With an H-index of 78 and more than 38,000 citations, he has been selected as a Elsevier China Highly Cited Researcher for 7 consecutive years and has been selected into the "Top 2% of the World's Top Scientists" released by Stanford University for many times.
In addition, SAG/RBX2 has been cloned for the first time in the world, and it has been identified as the catalytic core molecule of CRL (Cullin-RING ligase) E3 ligase, and several small molecule inhibitors and patents against this ligase and pseudomimetic E1/E2 enzyme have been obtained.
He is Sun Yi, who is currently serving as the Qiushi Chair Professor at Zhejiang University, and is employed by the Institute of Oncology and the Institute of Translational Medicine of the Second Affiliated Hospital of Zhejiang University School of Medicine. From 2014 to 2018, Sun Yi served as the founding dean of the Institute of Translational Medicine at Zhejiang University.
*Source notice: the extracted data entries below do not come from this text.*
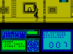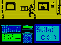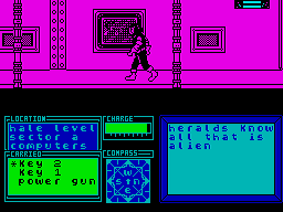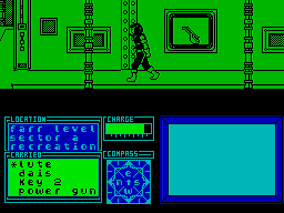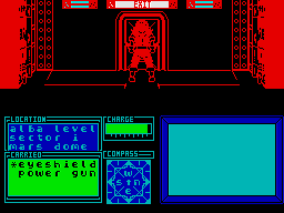The objectives are clearly stated in the manual: locate Marsport's main computer, recover the forcefield plans, and get out alive. However, the complex is huge, featuring many levels linked by elevators. These aren't the kind of elevators that have nice floor select buttons; they drop Marsh off on whatever floor they want, and with ten floors, there's a complex layered approach to mapping. Many of the elevators, similar to the tubes in Wizardry, are one-way, meaning long and elaborate backtracking is mandatory.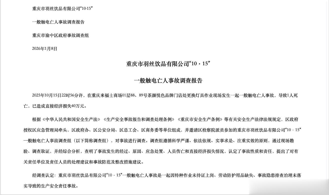 报告显示,2025年10月15日晚,重庆来福士商场内的茶颜悦色门店在更换灯具作业时发生触电亡人事故,一名施工人员经抢救无效死亡。羽丝饮品公司(茶颜悦色品牌门店管理公司)因安全监管缺位对事故负有责任,建议行政处罚。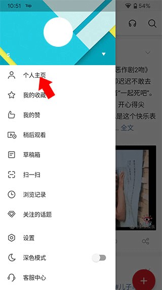 2、在打开的侧边栏界面点击个人主页。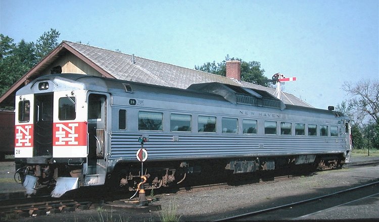 The Budd RDC-1 was powered by two 6-cylinder Detroit Diesel series 110 engines, each developing 275 horsepower. The New Haven was the second-largest operator of the RDC-1, owning 29 units; No. 28, shown here, was delivered in 1953. My father, Dr. R. D. Leonard, took this transparency at Blackstone, Massachusetts in July 1964. Reportedly the car passed into the Penn Central roster as No. 73, thence to Conrail; it was retired in 1984.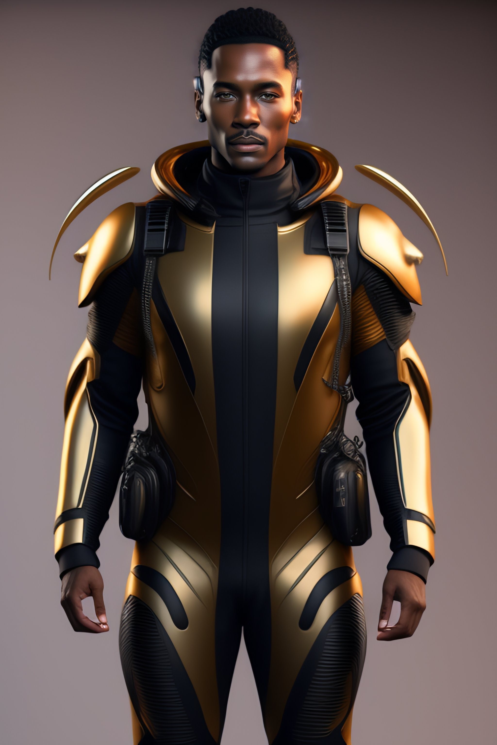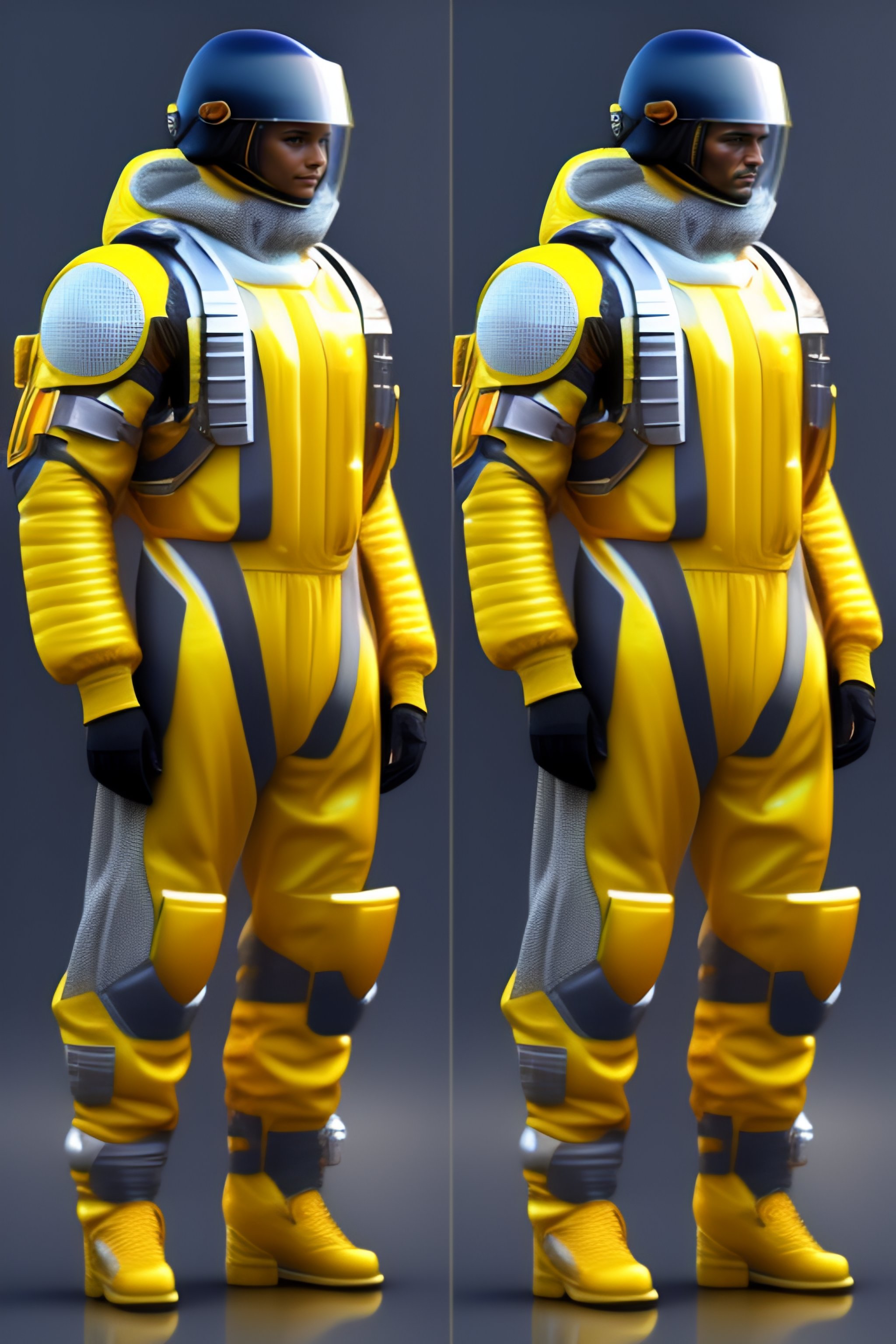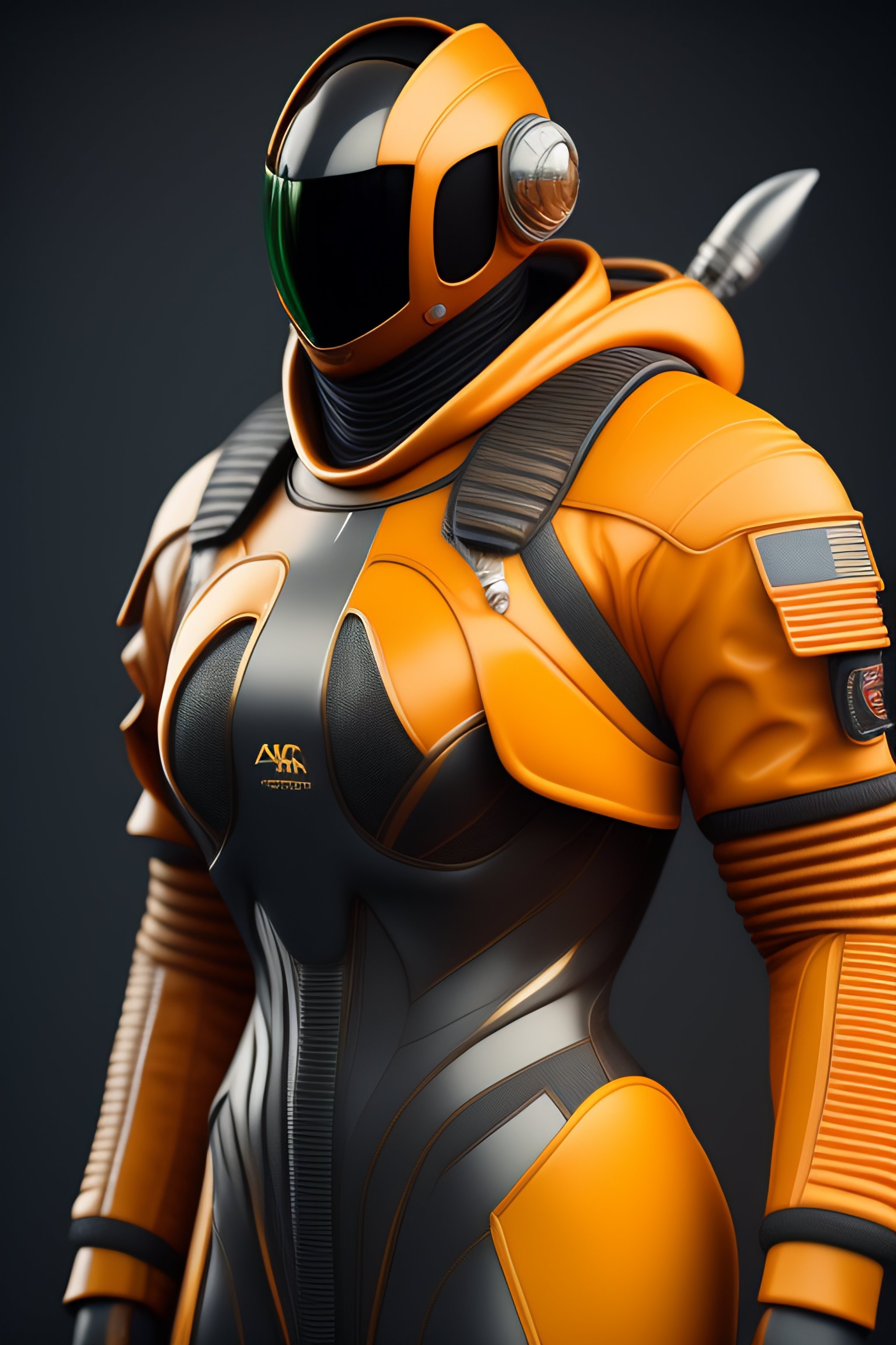 Costume design for alien sci fi movie, looking straight forward, forthright portrait, highly detailed 3d render, heat protective suit with flamethrower

Figure | Sun Yi (Source: Sun Yi)
Prior to returning to China, he held positions at the National Cancer Institute, Parke-Davis and Pfizer Global Research in Cancer Molecules, and the University of Michigan.
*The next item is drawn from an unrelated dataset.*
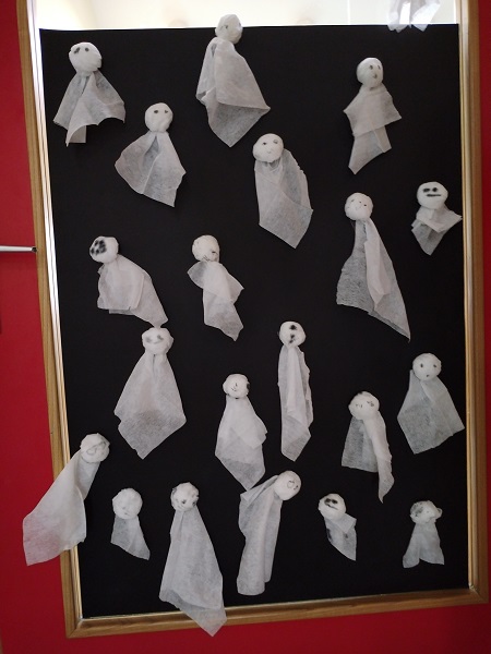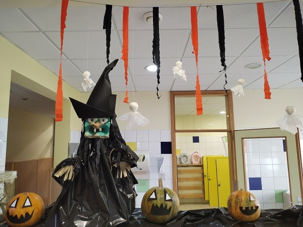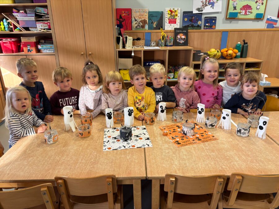 V tednu pred jesenskimi počitnicami smo si pričarali prav posebno, čarobno vzdušje. Igralnice in hodnik smo okrasili z izrezanimi bučami, duhci, pajki, čarovniškimi klobuki in gradovi.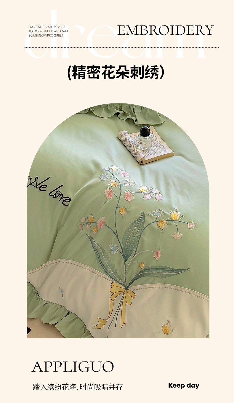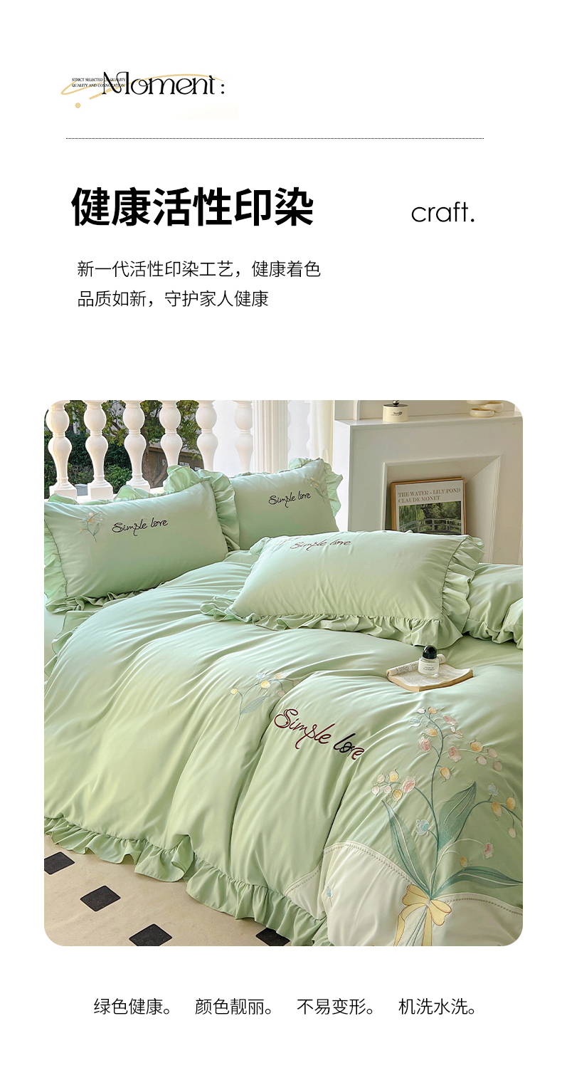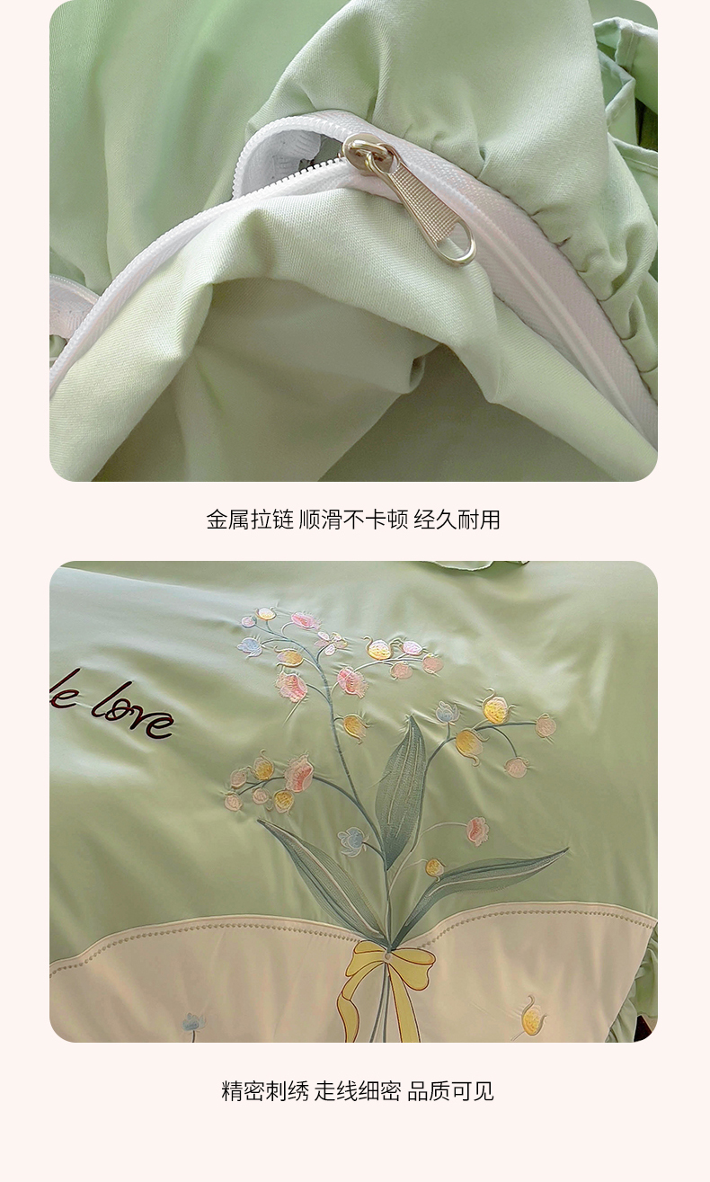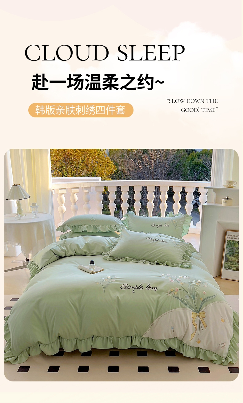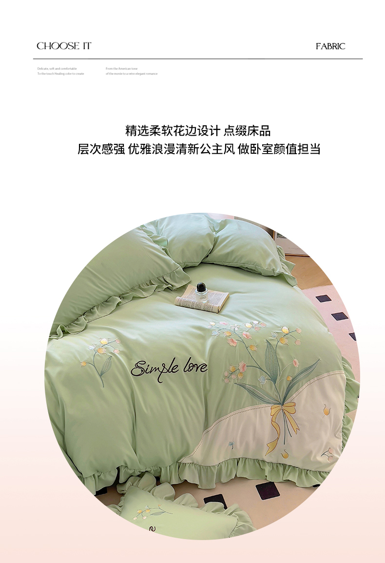 当前位置: 91家纺网 > 商品网购 > 床品套件 > 四件套 > 磨毛活性四件套 > 凯美家居 2025新款超柔亲肤磨毛刺绣花仙子系列四件套 花仙子 绿

Recently, he and his team revealed the key role of the UBE2F-CRL5ASB11-DIRAS2 pathway in pancreatic cancer lesions, providing new clues for the pathogenesis of pancreatic cancer, and is expected to become a new indicator for selecting new targets for anti-pancreatic cancer and evaluating patient prognosis.
(来源:Developmental Cell)
In this study, they identified UBE2F, an important synergistic gene for KRAS in pancreatic cancer, as well as the DIRAS2 protein that inhibits the RAS-MAPK-c-MYC pathway.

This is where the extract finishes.